TASK DETAILS: Skip every picture and copy only the lines from the one containing "Carta da parati" to the final line of the records below.

DATA UNDER STUDY:
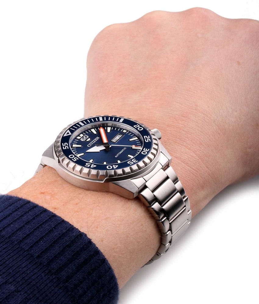 TypeWatchBrandCITIZENGenderMaleMovementAutomaticCrystal TypeMineral crystalCase ShapeRoundCase ColorSilverDial ColorBlueBand TypeBraceletBand ColourSilverBuckleFolding BuckleFunctionsDay, Date, HandsCountry of OriginJapanQuarantee3 Years by Official Dealership
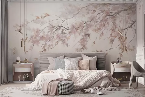 Carta da parati Paesaggio strutturato con ramo di ciliegio in fiore, foglie rosa, sfondo morbido e nebbioso nr. w09743
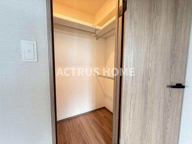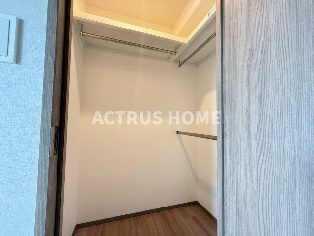 木目床と白壁の清潔感ある空間に、上下2段のハンガーパイプと上部棚が整然と配され、服から小物まで美しく収納できます。動線が短く着替えがスムーズで季節ごとの洋服管理も容易。見せる収納でクローゼット自体がインテリアになり、賃貸でも収納力と上質感を両立した一室です。
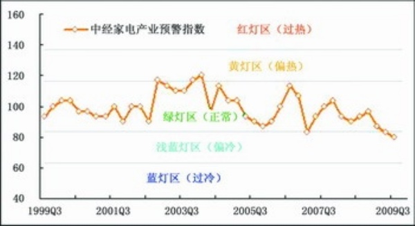 2009年三季度,中经家电产业预警指数为80.0点,与上季度相比下降3.3点⑥,回落到“浅蓝灯区”。
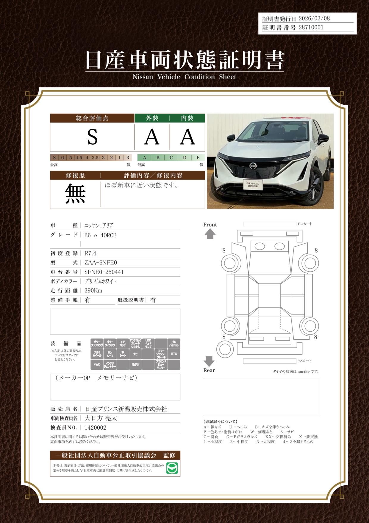「車両状態証明書」は、査定協会監修のプロの検査員が公正かつ確かな基準で検査した”安心の証”です。

SOLUTION:
 Carta da parati Paesaggio strutturato con ramo di ciliegio in fiore, foglie rosa, sfondo morbido e nebbioso nr. w09743
 木目床と白壁の清潔感ある空間に、上下2段のハンガーパイプと上部棚が整然と配され、服から小物まで美しく収納できます。動線が短く着替えがスムーズで季節ごとの洋服管理も容易。見せる収納でクローゼット自体がインテリアになり、賃貸でも収納力と上質感を両立した一室です。
 2009年三季度,中经家电产业预警指数为80.0点,与上季度相比下降3.3点⑥,回落到“浅蓝灯区”。
「車両状態証明書」は、査定協会監修のプロの検査員が公正かつ確かな基準で検査した”安心の証”です。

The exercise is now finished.